Standard of living: The Committee recommends that the State party take all necessary measures, including affirmative action policies to address the economic disparities affecting rural regions and urban suburbs and leading children to unequal enjoyment of their rights.
Migrant, asylum-seeking and refugee children: The Committee recommends that the State party accelerate the adoption of legal and institutional framework, which ensures that the rights of non-accompanied migrants children and asylum-seekers are respected at all times in accordance with international refugee and human rights law. The State party should ensure that refugee and asylum seeking children are not arrested, arbitrarily detained and deported back in breach of the law.
Child labour: The Committee urges the State party to take immediate and firm measure to remove girls working as domestic workers from abusive labour conditions, provide them with education, including vocational training and provide extensive information on these measures and their outcome in its next periodic report.
Trafficking: The Committee is concerned that the State party remains a source, destination, and transit country for children primarily from sub-Saharan Africa and south Asia who are subjected to forced labour, including as domestic workers, sex trafficking and forced begging, two thirds of victims of trafficking being children.
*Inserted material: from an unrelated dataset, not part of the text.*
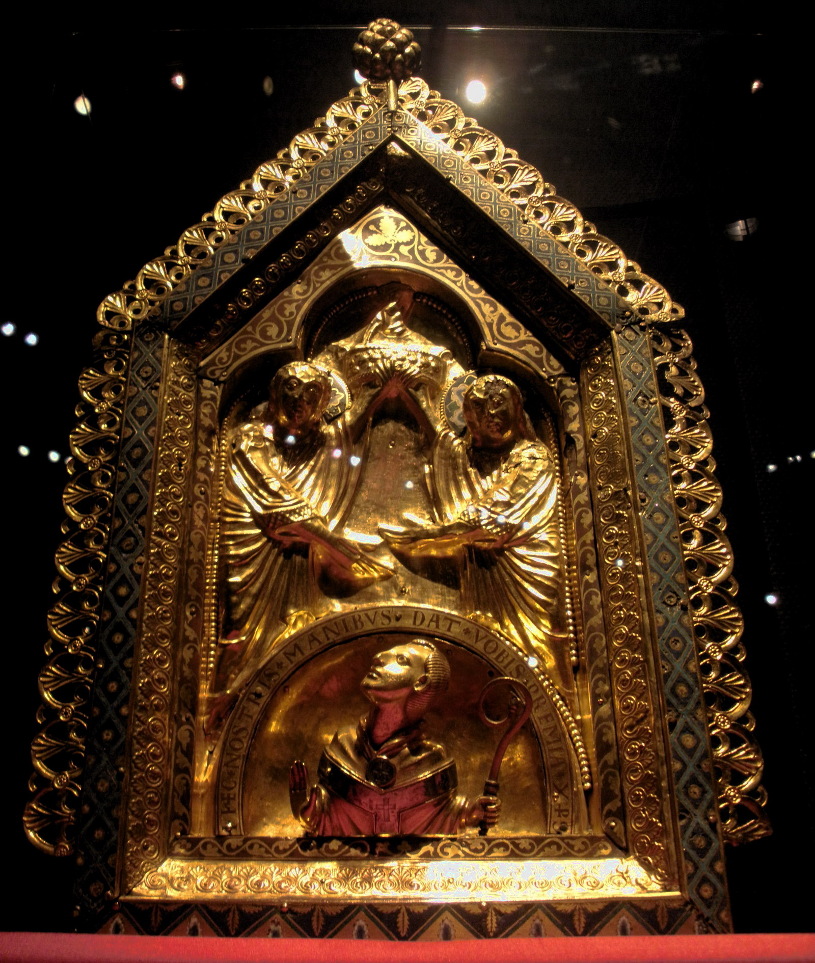 Reliquary of Saint Gondulph. Mosan (Maastricht?), XIIth c., gilded copper over oak wood with filigrain and enamel. Originally part of the treasure of the church of Saint Servatius, Maastricht, Netherlands, where it was displayed, together with 3 other reliquaries, on either side of the reliquary chest of Saint Servatius. Collection: Royal Museums of Art and History (Cinquantenaire Museum), Brussels, Belgium.

The Committee is also concerned that insufficient measures have been taken to investigate, prosecute, convict, and adequately punish child trafficking offenders
Children of Western Sahara: The Committee urges the State party to respect and protect the rights of all children living in Western Sahara and to take all necessary measures to prevent the violations of their rights. The State party should provide detailed information in this respect in its next periodic report (para.73).
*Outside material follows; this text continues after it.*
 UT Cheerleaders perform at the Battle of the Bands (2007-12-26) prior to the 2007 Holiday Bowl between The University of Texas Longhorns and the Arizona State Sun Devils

Juvenile justice: The Committee urges the State party to ensure that detention, including pre-trial detention, is used as a measure of last resort and for the shortest possible period of time, even in case of very severe crimes and that it is reviewed on a regular basis with a view to withdrawing it; Ensure that children in conflict with the law are provided with qualified and independent legal aid at an early stage of the procedure and throughout the legal proceedings, including in the case of flagrant offences; Promote alternative measures to detention, such as diversion, probation, mediation, counselling, or community service, wherever possible; Ensure capacity-building and specialization of all the justice actors, including judges, prison officers and lawyers, on the provisions of the Convention.